When I took the job as the principal of my school, I knew that every day would bring a unique host of challenges. Knowing this in the abstract and living the actual reality are not one in the same. Three years in, even after the toughest of days, I can say with a grin or a bewildered shrug, “I am never bored.” Whether silly or serious, the following these 12 surprising school admin roles enrich the climate and culture of our schools.
1. Swine Kisser
I love pigs! So when I was given the chance to kiss a pig in celebration of meeting our Jump Rope for Heart goal, I leapt at the opportunity. I had visions of an adorable teacup pig in a tutu. What I got was a huge, smelly, squealing hog. Still, a deal is a deal and all you can do is put on your red lipstick and pucker up.
Hey, if it makes the kids laugh, why stop at kissing a pig? Sometimes dressing up in a funny costume is on the agenda.
There is always an excuse to dance at school. If you don’t believe me, go visit a kindergarten classroom.
Sometimes the custodian gets sick and goes home with a fever. When that happens, you roll up your sleeves and assist with lunch service and trash disposal. Lesson learned from this is to always have a change of clothes on hand because it will most likely happen on a day when a VIP visit is scheduled.
On Halloween, we have “Storybook Character Day” and I took that as an opportunity to wear my daughter’s Mary Poppins costume. Well, when you end up chasing an escalated student in aforementioned costume, you may look like a bit of a headmaster and never be able to live it down. As I learned on lunch duty, always have a change of clothes on hand.
6. Guardian of the Parking Lot
One of the rites of passages as a school admin is to monitor the parking lot. Many a conflict can be both created and resolved in the parking lot.
7. Lord of the Lost and Found
I am not sure why, but it seems like anytime a student loses something they feel strongly that I will know where it is.
If the Keurig in the staff room breaks, you go buy another one. Keep the flow of caffeinated and chocolatey beverages strong.

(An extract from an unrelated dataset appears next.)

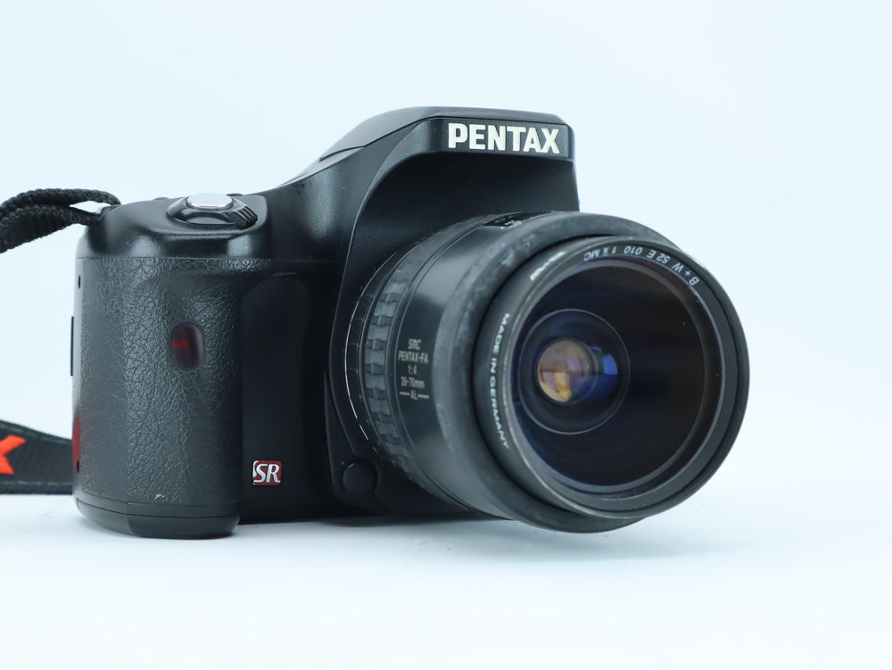 Condition Report Good condition. The camera body (S/N: 3047664) shows normal signs of light use and minor cosmetic surface wear consistent with its age. The weather seals are intact and the 10.2MP CCD sensor is clean. The Pentax FA 28-70mm f/4 lens (S/N: 4375812) is optically clear, free from fungus, haze, or significant scratches. The autofocus and Shake Reduction systems have been tested and are fully operational. All buttons, dials, and the top-plate status LCD are working correctly. The battery compartment is clean and free of corrosion.

Even if you are not athletically inclined (like me), you will end up coaching some sort of sport. I am pretty decent at pretending I know how to play volleyball.
If you are lucky enough, you will get some say in cosmetic projects at your site. Last year, our computer lab was redone. Picking out the wall and acoustic colors was a lot more fun than I expected, but proceed with caution and ask for input. You don’t want to be the sole person to blame if said colors are not pleasing to the majority.
11. Bean Counter
I can’t balance my own checkbook but will work to balance our school budget with the office manager (aka my superhero).
12. Animal Control
Everyone has a stray dog run on campus every now and again, am I right?